START SUPPLIED MATERIAL

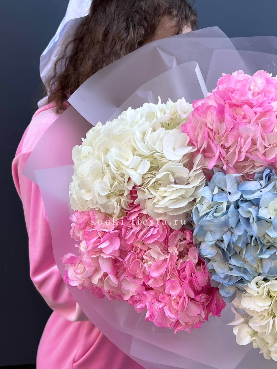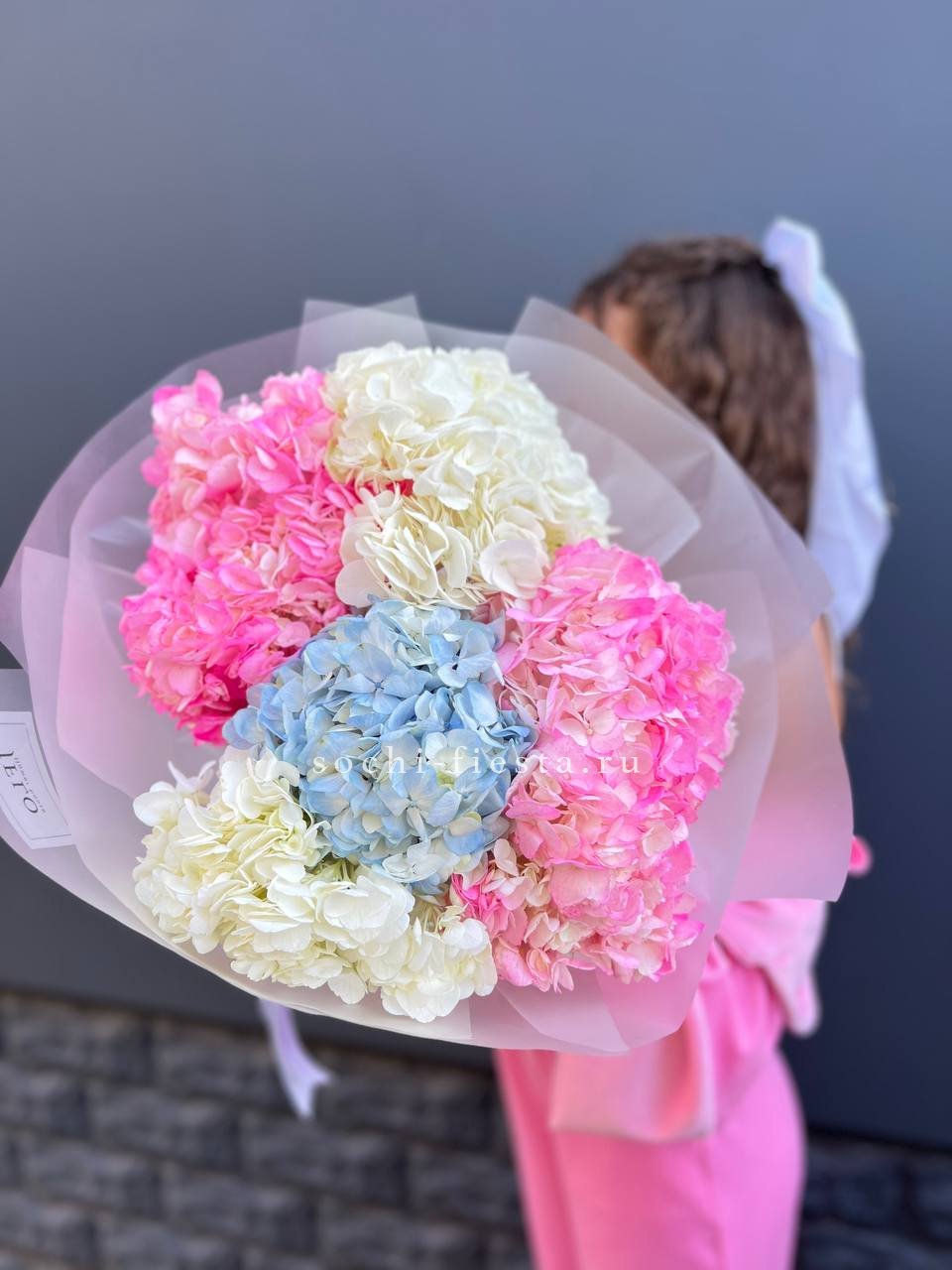 гортензия нежно-розовых оттенков, эустома, львиный зев или маттиола, розовые розы, эвкалипт, вспомогательная зелень, лента, светлая корзин.
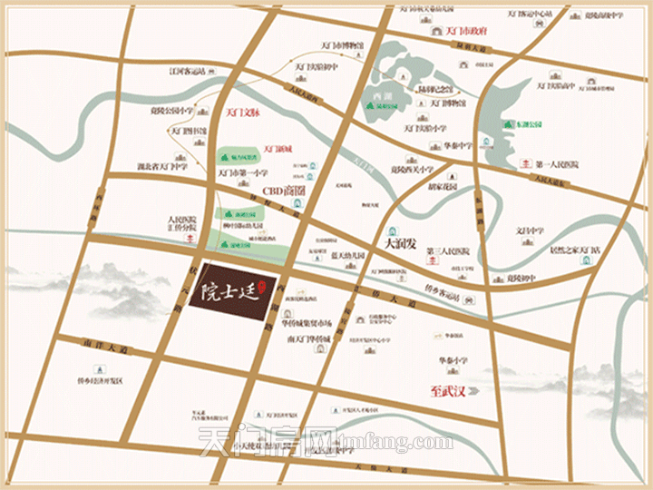 天门富力院士廷,项目占地7.9万方,建筑面积25.8万方,容积率2.8,绿化率35%,总户数1671户,由3幢洋房和10栋高层组成。位于天门城南交通枢纽十字轴,东临西湖路、西临状元路、北临汇侨大道。坐拥天门沃尔玛,大润发两大商圈,紧邻人民医院汇侨分院,周边教育资源丰富,天门中学、天门一小、天门幼儿园、天宜国际中学、枫华国际幼儿园、开发区小学都在附近,上学便利。
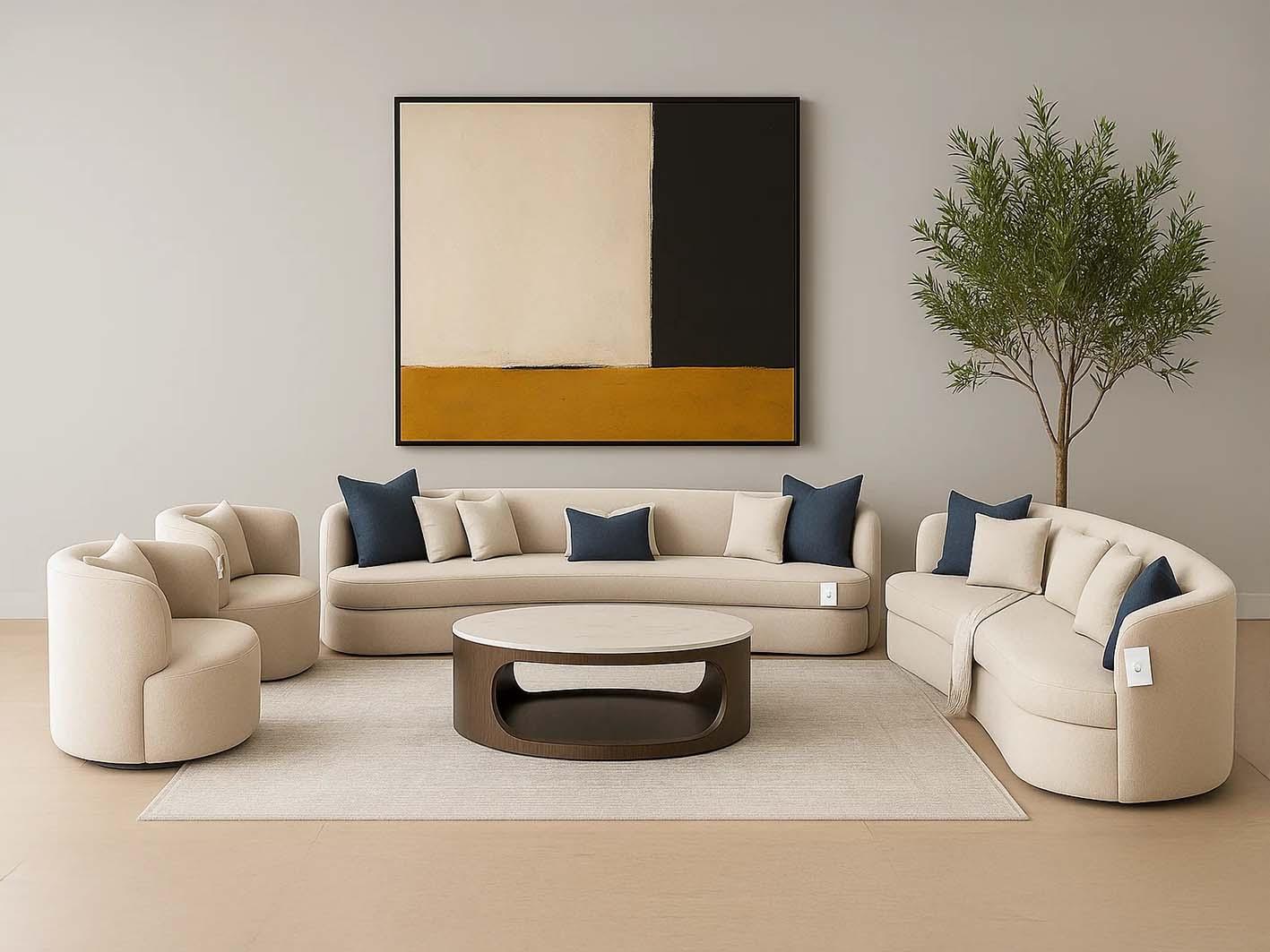 يتميز الكنب بخطوطه الانسيابية التي تمنح المكان شعورًا بالهدوء والتناغم. التصميم المدروس يجمع بين البساطة والأناقة في آنٍ واحد، ما يجعل الكنب قطعة مركزية تضيف لمسة راقية لديكورك. النهايات المنحنية والتفاصيل الدقيقة تعزز من جمالية الشكل العام.
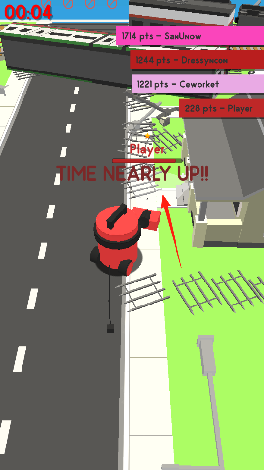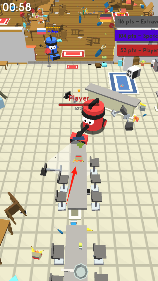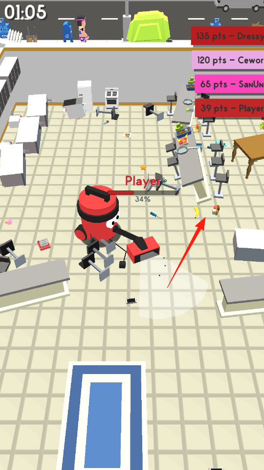 2、在场景中,留意其他吸尘器(如蓝色),避免碰撞,同时高效清理垃圾,提升积分排名(右侧显示分数)。
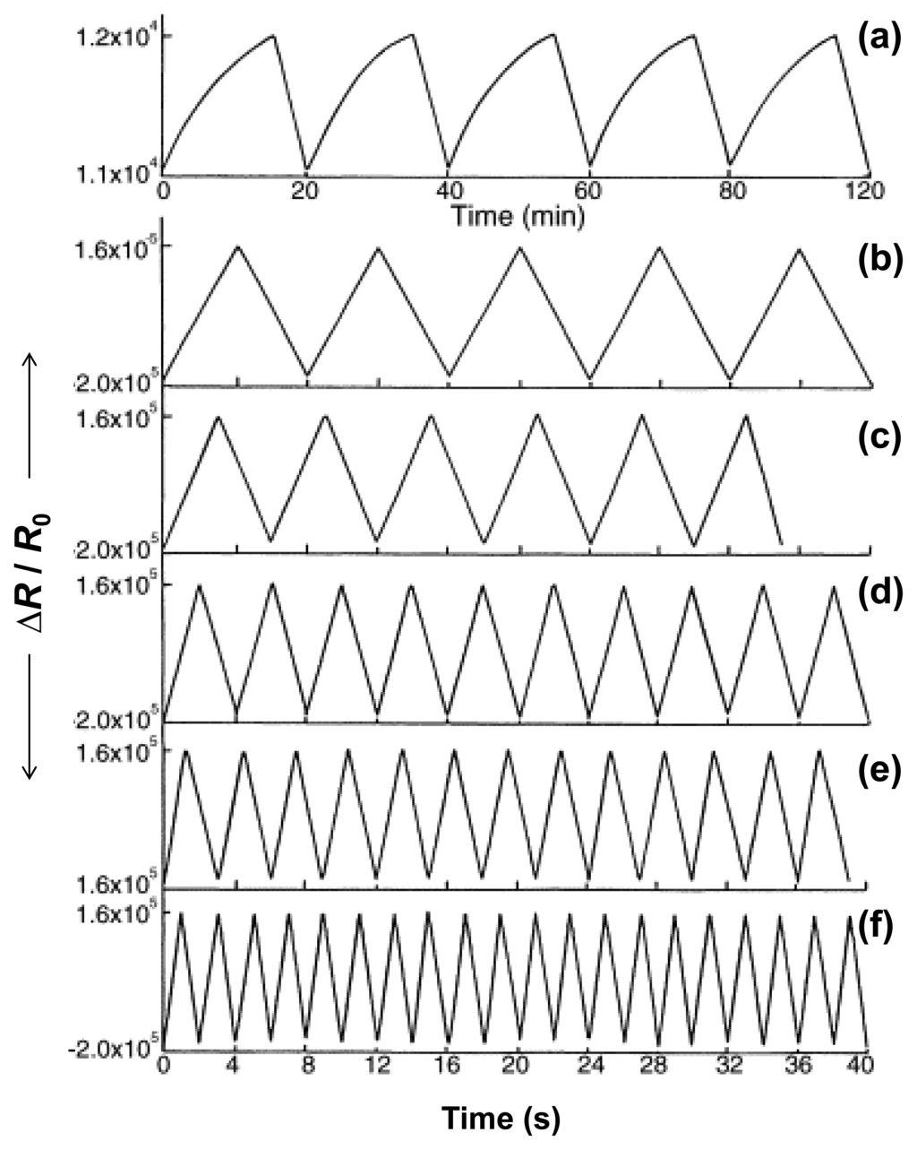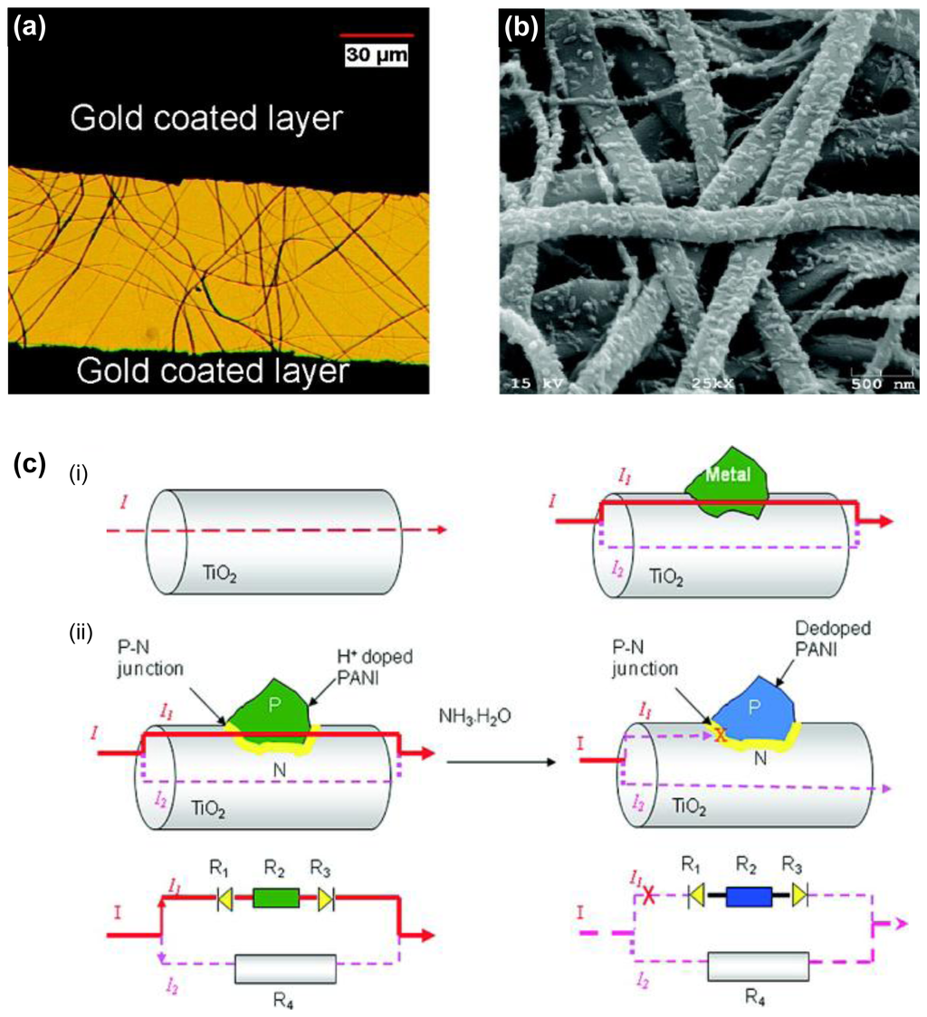 In the detection of ammonia gas, the p-n junctional type as transistor was introduced for the first time. Gong et al. fabricated unique conducting polymer nanograins using PANI and electrospun titania fibers, leading to the ultrasensitive NH3 gas sensor (Figures 11a,b) [60]. They introduced p-n heterojunctions combining p-type PANI and an electrospun n-type semiconductive titania nanofiber using immersing process. Moreover, the chemiresistive ammonia sensor based on titania/PANI nanohybrids was developed with electric current switches that can be operated by the resistance change from p-n heterojunction when NH3 gas is absorbed by PANI nanograins (Figure 11c). Surprisingly, the MDL of chemiresistive sensor was ca. 50 ppt NH3 gas in air, which is 1000 times more sensitive than the best PANI sensor reported in the literature.
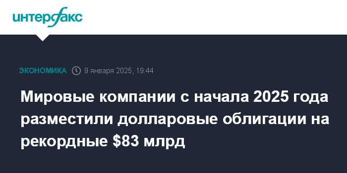 Москва. 9 января. INTERFAX.RU - Объемы размещений долларовых корпоративных облигаций инвестиционного и неинвестиционного уровней с начала 2025 года по 8 января составили рекордные $83,4 млрд, сообщает Financial Times со ссылкой на данные LSEG.
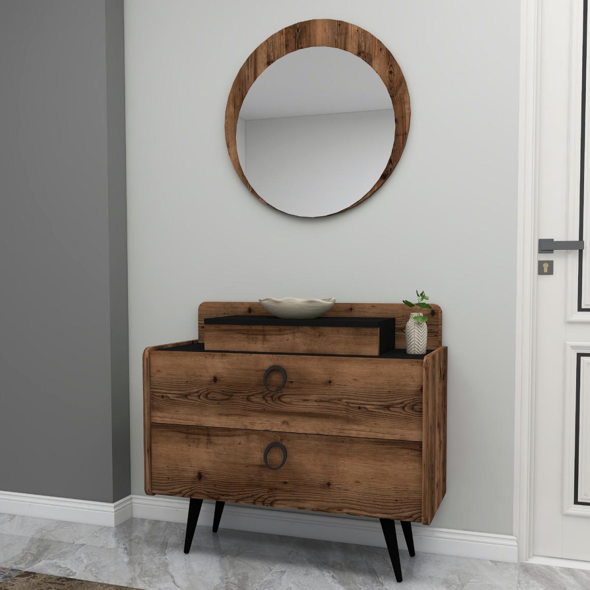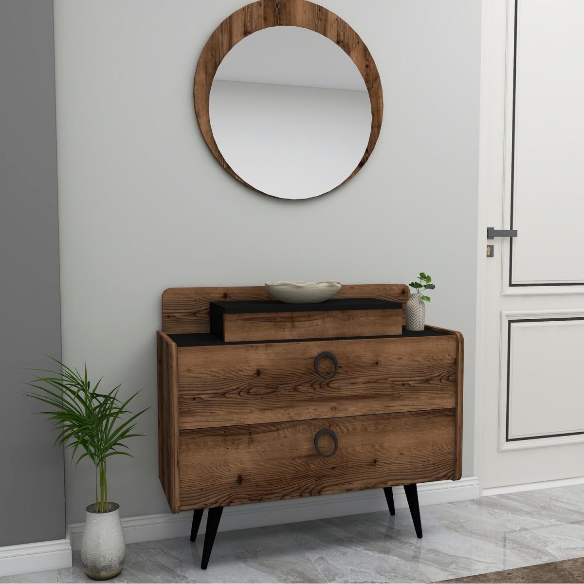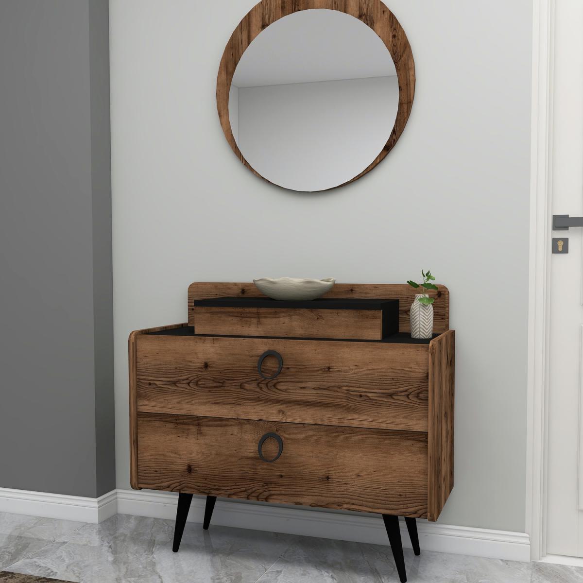 MATERIAL The dresuar console table is made of an 18 mm thick quality melamine-coated particleboard. The manufactured wood surface is water-resistant to some extent and the edges are banded with PVC edge banding tape. First-class assemblyinstallation hardware and accessories are used. Our products are produced from certified quality raw materials that do not contain carcinogenic substances and comply with European Union health norms. CLEANING You can clean your furniture with a dry cloth. Avoid prolonged contact of your product with moisture and water. ASSEMBLY The product will be delivered to the customer in the original package as disassembled. It is designed to be assembled by the customer using a power drill and screwdriver. The assembly manual and installation hardware are included in the package. For fast and error-free installation, product parts are numbered with stickers in accordance with the assembly guide.

END SUPPLIED MATERIAL

> _TASK DESCRIPTION_:
Copy exactly the lines of the listing above between the one holding "2、在场景中,留意其他吸尘器" and the one holding "Москва. 9 января.", inclusive; omit all pictures.

> _TASK SOLUTION_:
 2、在场景中,留意其他吸尘器(如蓝色),避免碰撞,同时高效清理垃圾,提升积分排名(右侧显示分数)。
 In the detection of ammonia gas, the p-n junctional type as transistor was introduced for the first time. Gong et al. fabricated unique conducting polymer nanograins using PANI and electrospun titania fibers, leading to the ultrasensitive NH3 gas sensor (Figures 11a,b) [60]. They introduced p-n heterojunctions combining p-type PANI and an electrospun n-type semiconductive titania nanofiber using immersing process. Moreover, the chemiresistive ammonia sensor based on titania/PANI nanohybrids was developed with electric current switches that can be operated by the resistance change from p-n heterojunction when NH3 gas is absorbed by PANI nanograins (Figure 11c). Surprisingly, the MDL of chemiresistive sensor was ca. 50 ppt NH3 gas in air, which is 1000 times more sensitive than the best PANI sensor reported in the literature.
 Москва. 9 января. INTERFAX.RU - Объемы размещений долларовых корпоративных облигаций инвестиционного и неинвестиционного уровней с начала 2025 года по 8 января составили рекордные $83,4 млрд, сообщает Financial Times со ссылкой на данные LSEG.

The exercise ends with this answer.